## [TASK INSTRUCTIONS]
Look in the data below for the line that has "新华社北京4月23日电(记者", then print exactly every line from there through the line that has "Former GP Linda", leaving pictures out.

=== SUPPLIED DATA ===

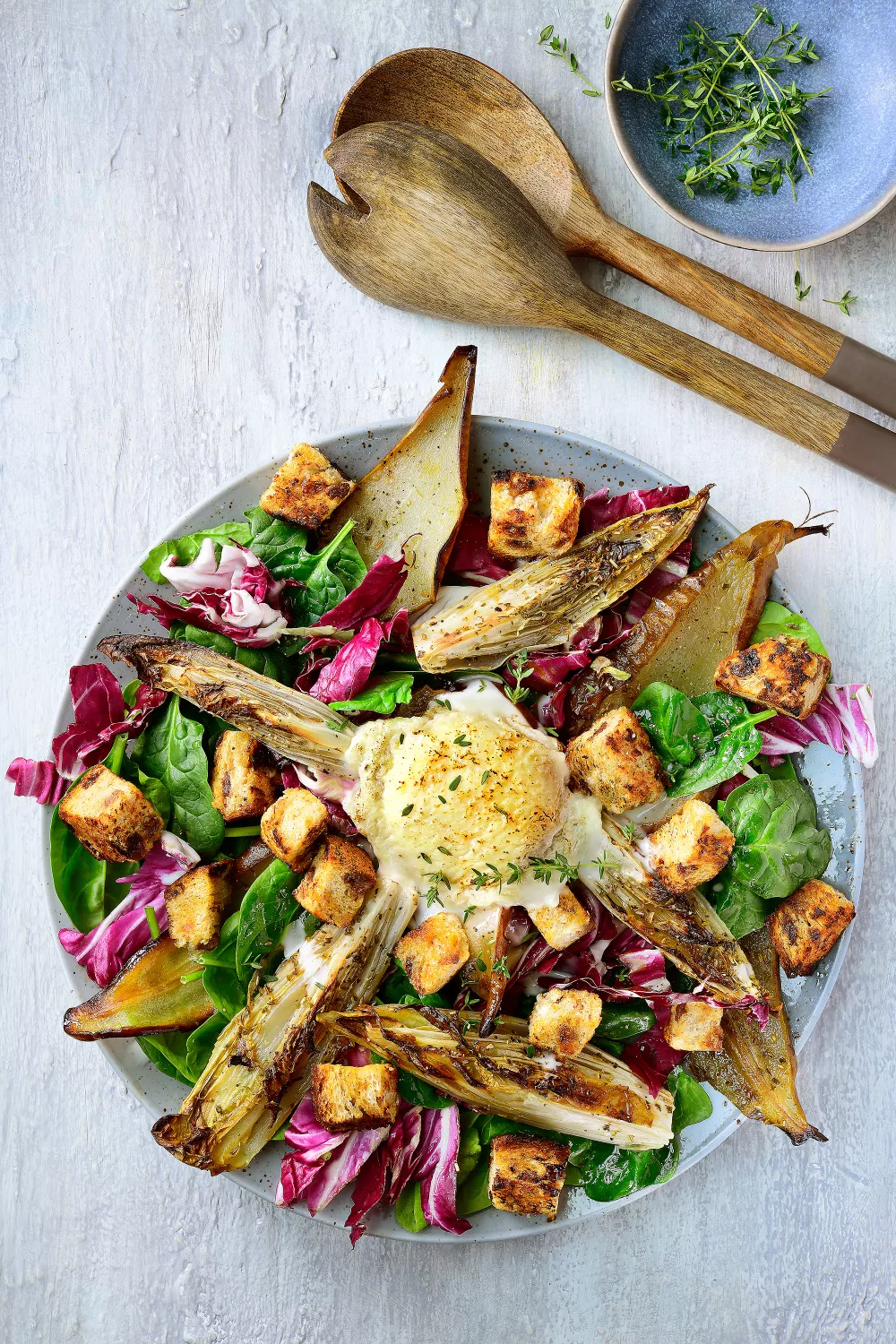 Salade van witloof, peer en geitenkaas met croutons van rozijnenbrood
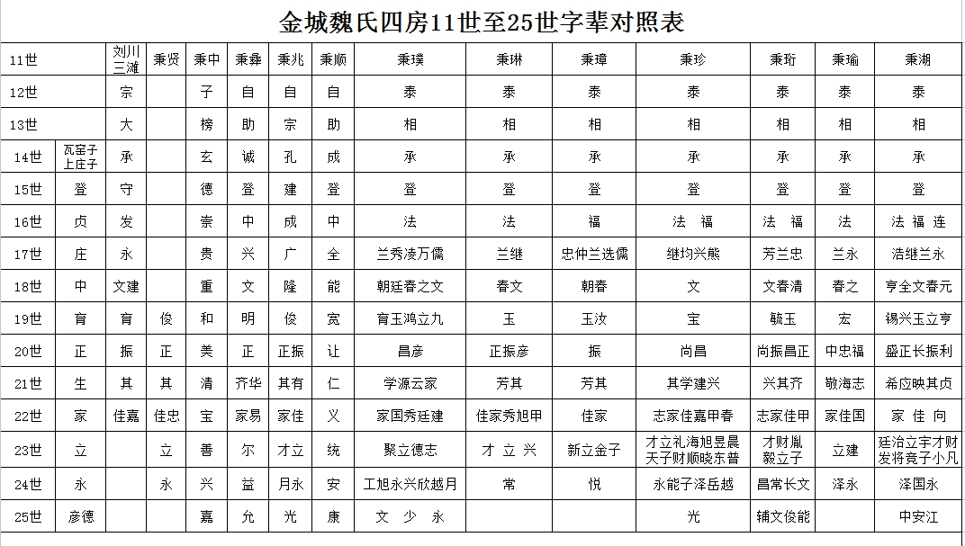 關(guān)于金城魏氏四房23世至54世新續(xù)字輩的解釋:
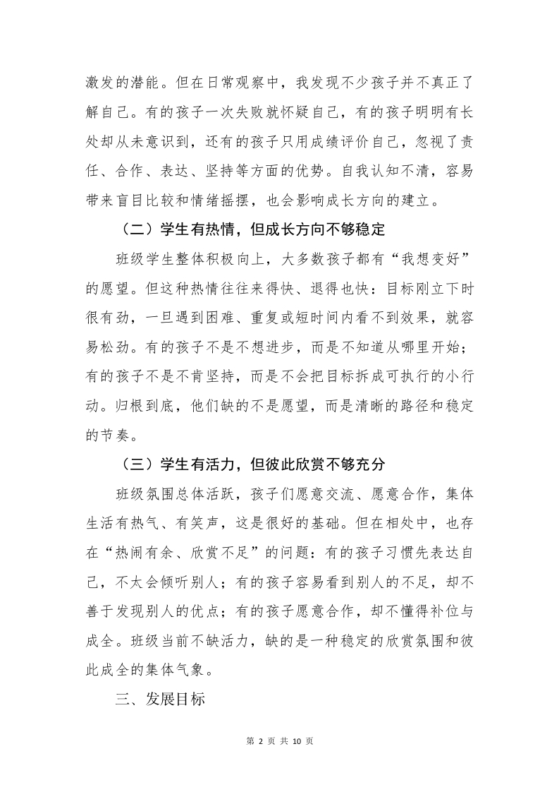 在群星之间,找到自己的位置——“星野”少年带班育人方略晨晨老师14天前发布关注私信25.53KB10页03710 以下为资料部分截图预览,下载后为超高清原文件。 第1页 / 共10页 第2页 / 共10页 试读已结束,还剩8页,您可下载完整版后进行离线阅读 加入VIP,享海量教务资料,无限制免费下载所有材料 在群星之间,找到自己的位置——“星野”少年带班育人方略此内容为付费资源,请付费后查看¥9.9¥15.9VIP会员免费代理(享70%分佣)免费立即购买您当前未登录!建议登陆后购买,可保存购买订单付费资源© 版权声明文章版权归作者所有,未经允许请勿转载。THE END班主任库 文本预览 在群星之间,找到自己的位置—“星野”少年带班育人方略一、育人理念育人理念:看见差异,校准方向,彼此映照小学阶段,孩子正在慢慢认识自己、认识同伴、认识集体。这个时期的教育,不能只盯着分数和表现,更要帮助他们在班级生活中学会看见自己、理解别人、找准方向。每个孩子都像一颗星,有不同的亮度,也有不同的轨迹。班主任要做的,不是把所有孩子塑造成同一个样子,而是帮助他们在差异中找到自己的位置,在集体中获得成长的力量。我把班级命名为“星野”。“星”代表每一个独特的孩子,“野”代表广阔、生长和可能。基于这样的理解,我将“看见差异,校准方向,彼此映照”确立为班级育人理念:看见差异,是尊重每个孩子的不同起点和成长节奏;校准方向,是帮助孩子把热情变成行动,把愿望变成路径;彼此映照,是让班级成为一个能互相欣赏、互相支持、共同向上的成长场。我的带班目标,不是让孩子彼此比较,而是让他们在各自的轨道上稳稳前行,也能在集体中彼此成全。二、班情分析(一)学生有想法,但自我认知不够清晰班里的孩子普遍思维活、反应快、表达欲强,课堂上愿意发言,活动中愿意参与,说明他们有生长的热情,也有被第1页共10页 查看更多 收起部分 喜欢就支持一下吧点赞10 分享QQ空间微博QQ好友海报分享复制链接收藏
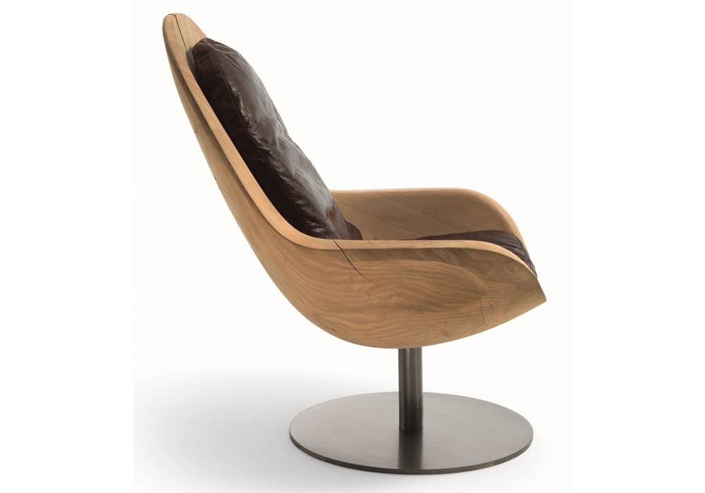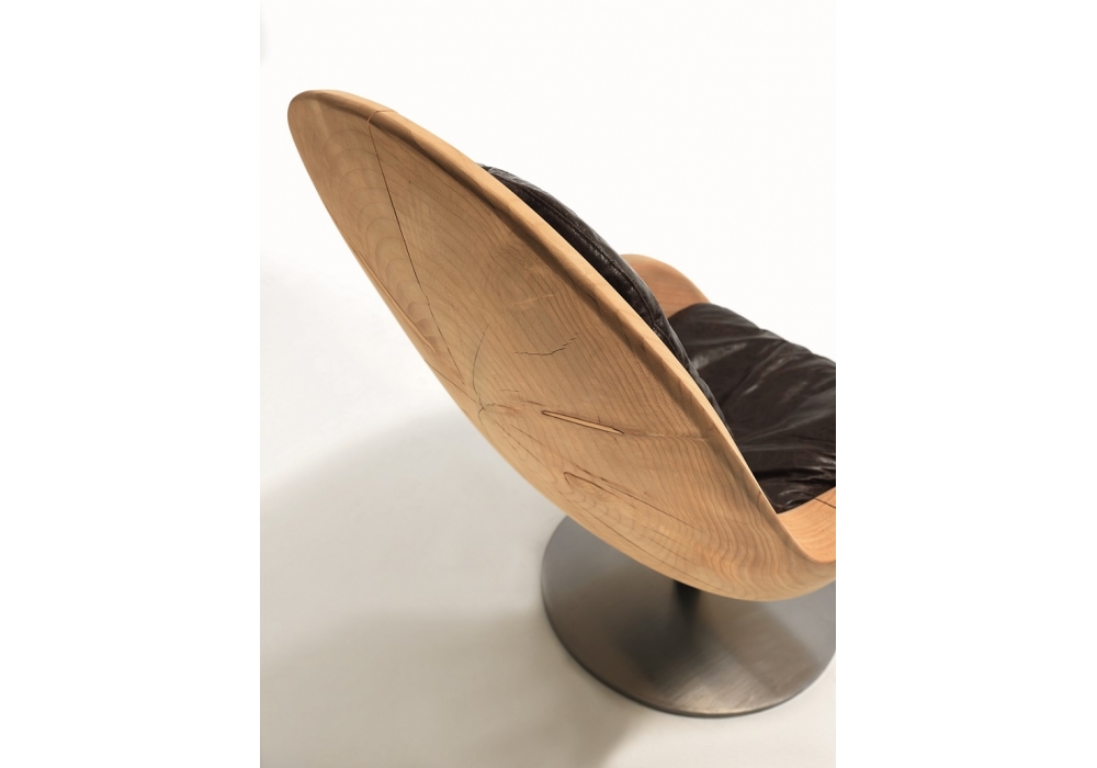 Creus designed by Pininfarina for Riva 1920 is an armchair in solid scented cedar worked from a single block, characterized by the enveloping and ergonomic shell in a continuous line between seat and back. Support cushion in fabric or leather with visible stitching. Base with tubular leg and iron plate.
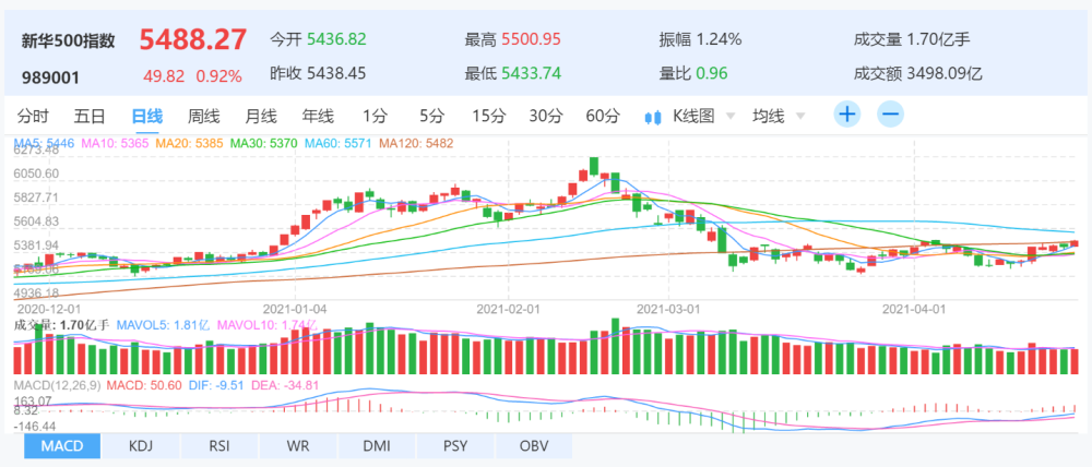 新华社北京4月23日电(记者闫鹏)本周新华500指数(989001)平开高走。截至23日收盘,新华500指数报5488.27点,累计上涨3.53%,成分股合计成交1.75万亿元。
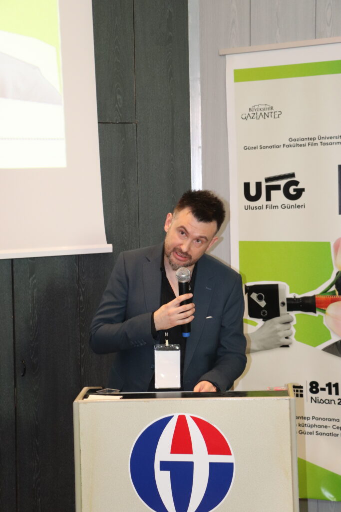 Açılış konuşmaları sonrasında GAÜN Güzel Sanatlar Fakültesi öğretim üyesi Prof. Dr. Devrim Özkan, sinemanın modern bir sanat olarak geleceğini ele alan “Zamanı İşleyen Bir Modern Sanat Olarak Sinema ve Geleceği” başlıklı sunumunu gerçekleştirdi.
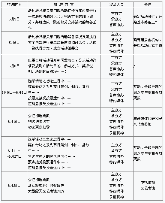 六、 活動(dòng)流程推進(jìn)表(時(shí)間進(jìn)度):
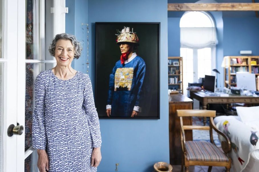 Former GP Linda Rademaker has been a tireless advocate for the Waikato Regional Theatre. The artwork on the wall behind her is a photographic work by Sung Hwan Bobby Park titled Ancestor Portrait, which earned the runner-up prize in the 2023 National Contemporary Art Award competition. PHOTO: Christel Yardley / WAIKATO TIMES.
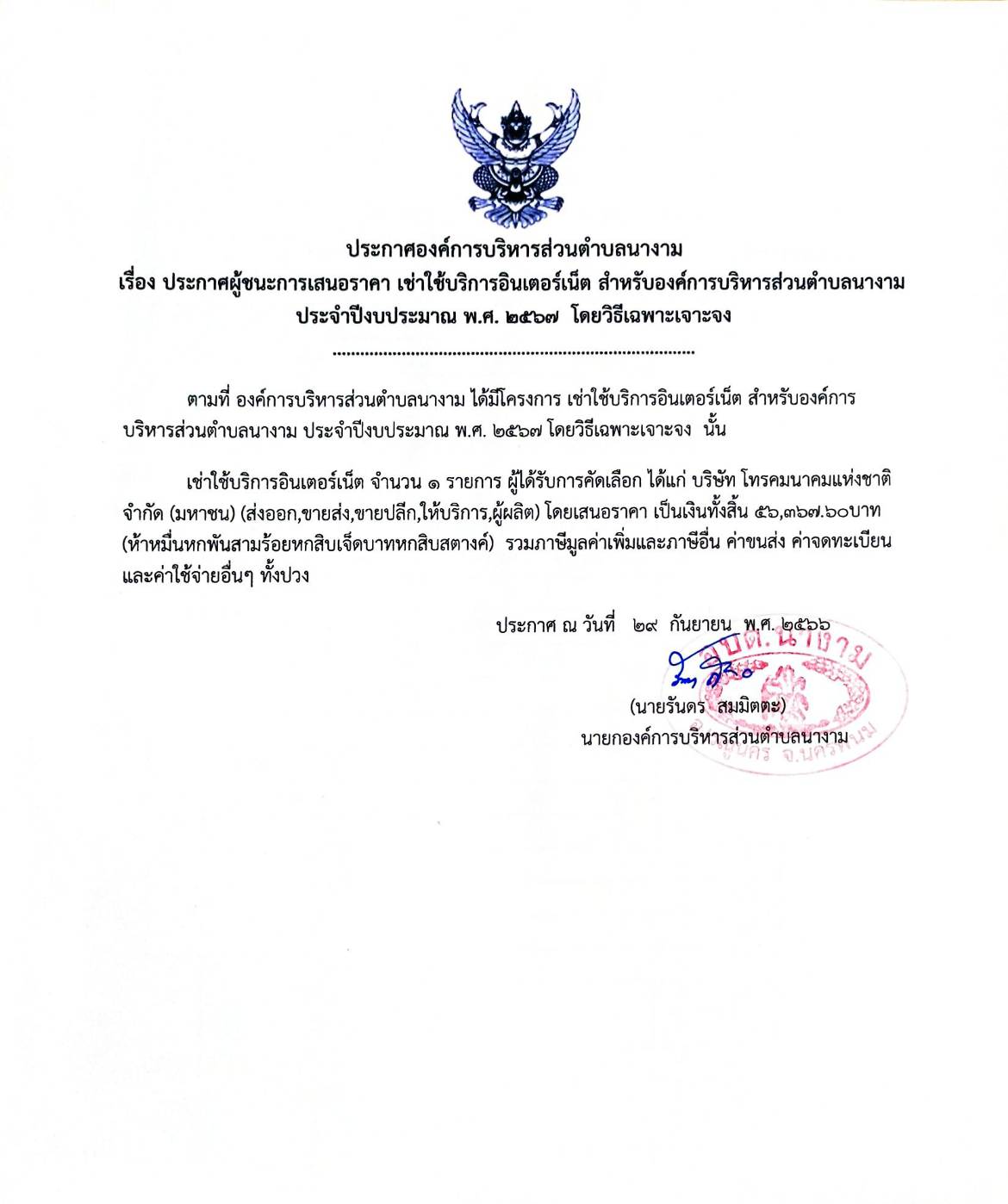 ชื่อเรื่อง : ประกาศผู้ชนะการเสนอราคา เช่าใช้บริการอินเตอร์เน็ต สำหรับองค์การบริหารส่วนตำบลนางาม ประจำปีงบประมาณ พ.ศ. ๒๕๖๗ โดยวิธีเฉพาะเจาะจง
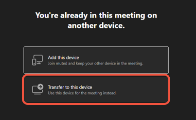 3. Nå får du valget mellom å legge til den nye enheten, altså å være i møtet med to enheter, eller overføre til den nye enheten. Velg da sistnevnte og møtet vil automatisk bli avsluttet på den første enheten:
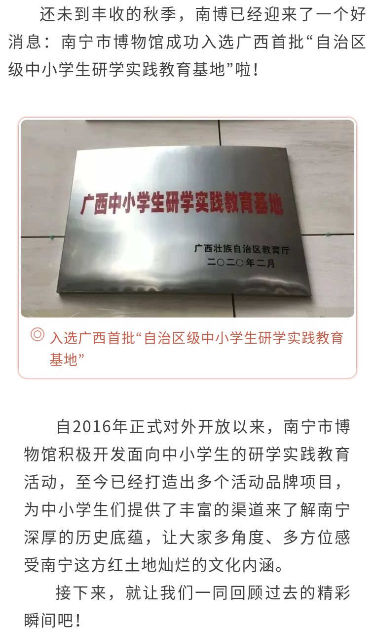 南宁市博物馆获评广西首批“自治区级中小学生研学实践教育基地”
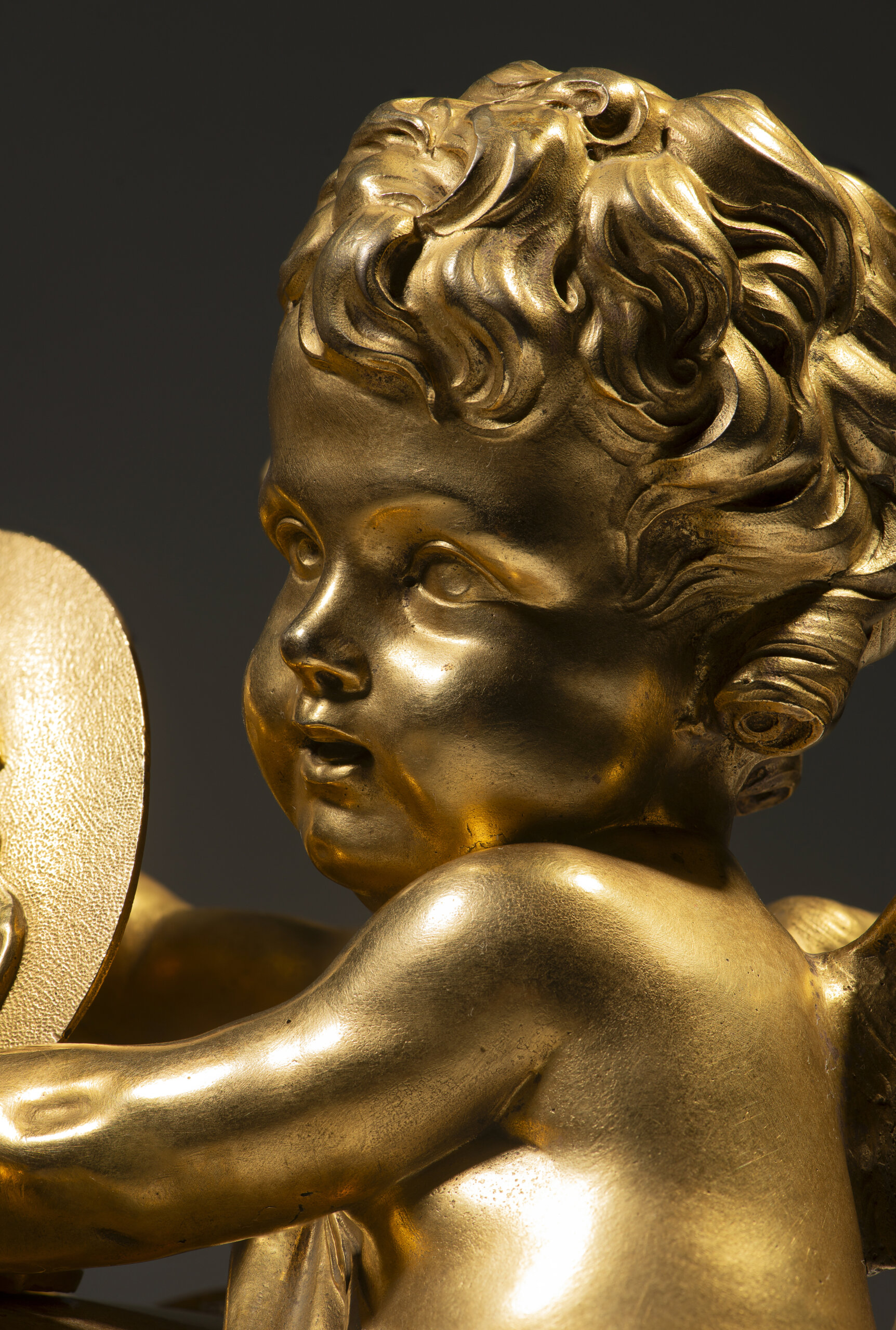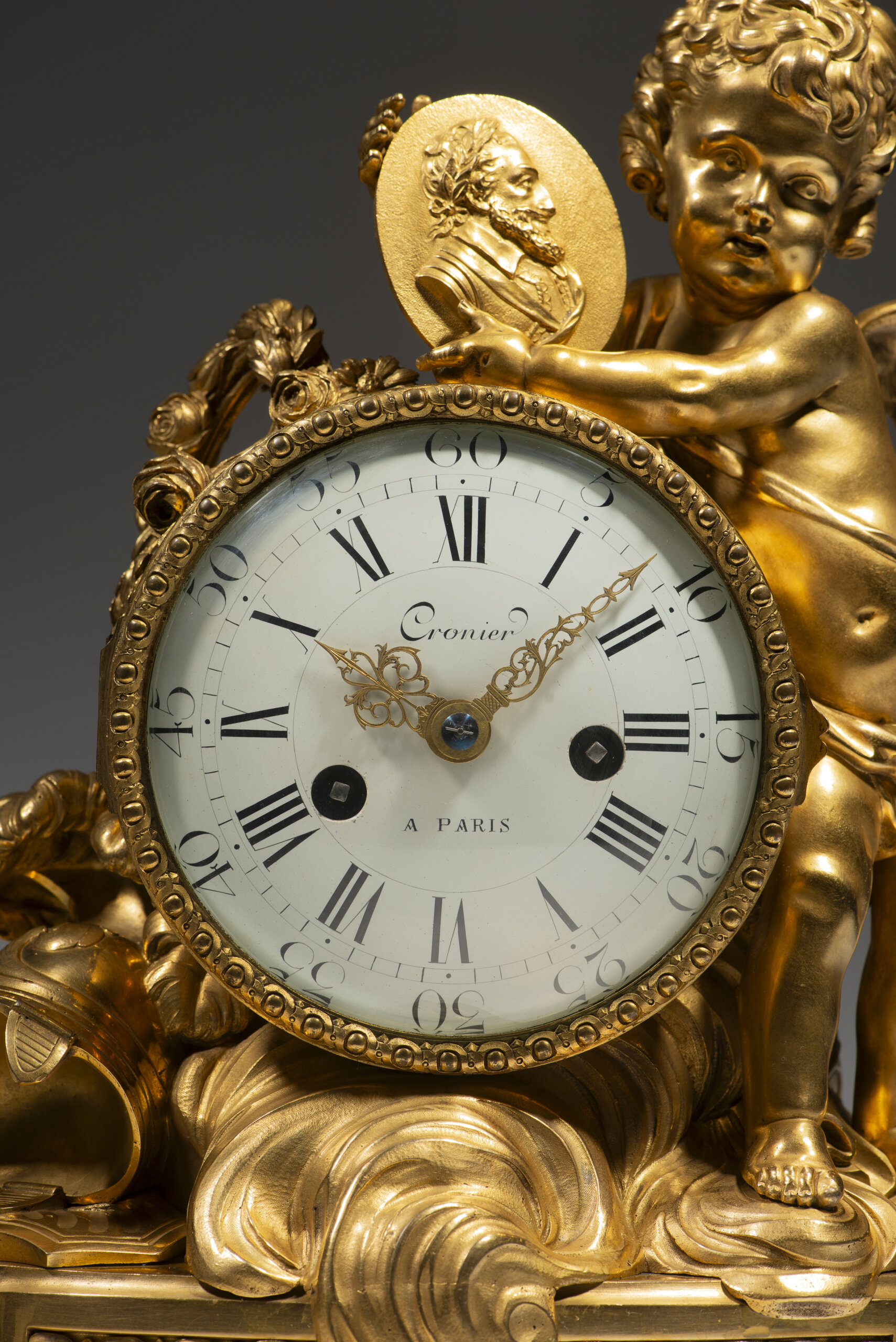 Caixa encimada por figura de amour alado, sobre nuvens, segurando um medalhão oval com o perfil em relevo do rei Henrique IV

===

## [EXERCISE RESPONSE]
 新华社北京4月23日电(记者闫鹏)本周新华500指数(989001)平开高走。截至23日收盘,新华500指数报5488.27点,累计上涨3.53%,成分股合计成交1.75万亿元。
 Açılış konuşmaları sonrasında GAÜN Güzel Sanatlar Fakültesi öğretim üyesi Prof. Dr. Devrim Özkan, sinemanın modern bir sanat olarak geleceğini ele alan “Zamanı İşleyen Bir Modern Sanat Olarak Sinema ve Geleceği” başlıklı sunumunu gerçekleştirdi.
 六、 活動(dòng)流程推進(jìn)表(時(shí)間進(jìn)度):
 Former GP Linda Rademaker has been a tireless advocate for the Waikato Regional Theatre. The artwork on the wall behind her is a photographic work by Sung Hwan Bobby Park titled Ancestor Portrait, which earned the runner-up prize in the 2023 National Contemporary Art Award competition. PHOTO: Christel Yardley / WAIKATO TIMES.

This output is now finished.